This report examines the experiences and concerns of 33 migrants incarcerated by ICE during the first months of the COVID-19 pandemic: March 13-June 19, 2020. All individuals were imprisoned at detention facilities under the jurisdiction of the El Paso ICE Field Office: Otero County Processing Center (n=24), Torrance County Detention Facility (n=6), and the El Paso Service Processing Center (n=3).

Information about detained migrant experiences was obtained through telephone calls made to an Advocate Visitors with Immigrants in Detention (AVID) volunteer who took notes on those conversations. Detained migrants reached out to express concerns and seek support regarding their situation.

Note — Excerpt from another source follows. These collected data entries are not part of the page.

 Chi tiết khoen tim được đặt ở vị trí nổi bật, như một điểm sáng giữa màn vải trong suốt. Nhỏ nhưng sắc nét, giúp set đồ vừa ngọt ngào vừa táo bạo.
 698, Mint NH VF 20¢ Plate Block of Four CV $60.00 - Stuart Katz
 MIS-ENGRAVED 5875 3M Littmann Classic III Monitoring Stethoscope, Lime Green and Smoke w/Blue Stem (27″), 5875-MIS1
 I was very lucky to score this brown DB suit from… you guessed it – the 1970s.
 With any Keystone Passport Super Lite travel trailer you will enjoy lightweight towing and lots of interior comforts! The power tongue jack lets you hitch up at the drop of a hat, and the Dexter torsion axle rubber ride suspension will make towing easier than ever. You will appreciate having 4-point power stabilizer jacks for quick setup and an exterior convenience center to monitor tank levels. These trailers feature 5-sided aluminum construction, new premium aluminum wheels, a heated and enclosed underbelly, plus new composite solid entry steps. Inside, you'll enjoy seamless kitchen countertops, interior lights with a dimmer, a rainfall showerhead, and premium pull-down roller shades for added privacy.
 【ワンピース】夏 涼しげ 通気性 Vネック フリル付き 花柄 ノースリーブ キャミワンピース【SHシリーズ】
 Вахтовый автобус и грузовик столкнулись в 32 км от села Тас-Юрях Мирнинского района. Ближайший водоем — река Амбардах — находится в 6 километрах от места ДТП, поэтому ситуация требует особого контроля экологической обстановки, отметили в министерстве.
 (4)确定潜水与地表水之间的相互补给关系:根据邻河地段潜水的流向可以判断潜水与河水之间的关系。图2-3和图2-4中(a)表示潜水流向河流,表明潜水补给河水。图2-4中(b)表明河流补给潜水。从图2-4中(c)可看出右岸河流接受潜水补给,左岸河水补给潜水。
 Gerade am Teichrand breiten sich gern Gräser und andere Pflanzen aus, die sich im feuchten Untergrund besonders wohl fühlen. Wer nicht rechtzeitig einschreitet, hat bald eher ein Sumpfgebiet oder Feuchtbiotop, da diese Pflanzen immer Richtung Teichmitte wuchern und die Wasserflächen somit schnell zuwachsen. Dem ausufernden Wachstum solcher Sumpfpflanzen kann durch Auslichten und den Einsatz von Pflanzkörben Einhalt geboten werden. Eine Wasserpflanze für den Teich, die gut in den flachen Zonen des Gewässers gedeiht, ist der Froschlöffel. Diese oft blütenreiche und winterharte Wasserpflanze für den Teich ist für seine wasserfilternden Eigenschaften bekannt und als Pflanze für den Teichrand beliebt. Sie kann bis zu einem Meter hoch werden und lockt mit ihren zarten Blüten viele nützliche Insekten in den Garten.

Under the direction of a faculty adviser and in collaboration with AVID coordinators, a team of five student researchers transcribed and coded the volunteer’s handwritten notes. Results of this process identified 196 complaints that fell into five key themes of concern:

  1. Daily micro-aggressions and humiliating treatment (24 complaints by 8 individuals). ICE officials and private contractor staff would shout insults and behave in coercive ways which created a generally hostile environment.
  1. Denial of reasonable and equitable access to telephone services and legal representation (20 complaints by 11 individuals). Telephones were not in working order, access to tablet computers was highly restricted, ICE was not providing the promised number of free telephone minutes, and there was a lack of privacy during calls.
  1. Poor quality food, hunger and sickness (25 complaints by 12 individuals). Food was of poor quality, individuals suffered food related illness, portions were limited and people felt hungry; there was inconsistent access to food and hostile eating environments.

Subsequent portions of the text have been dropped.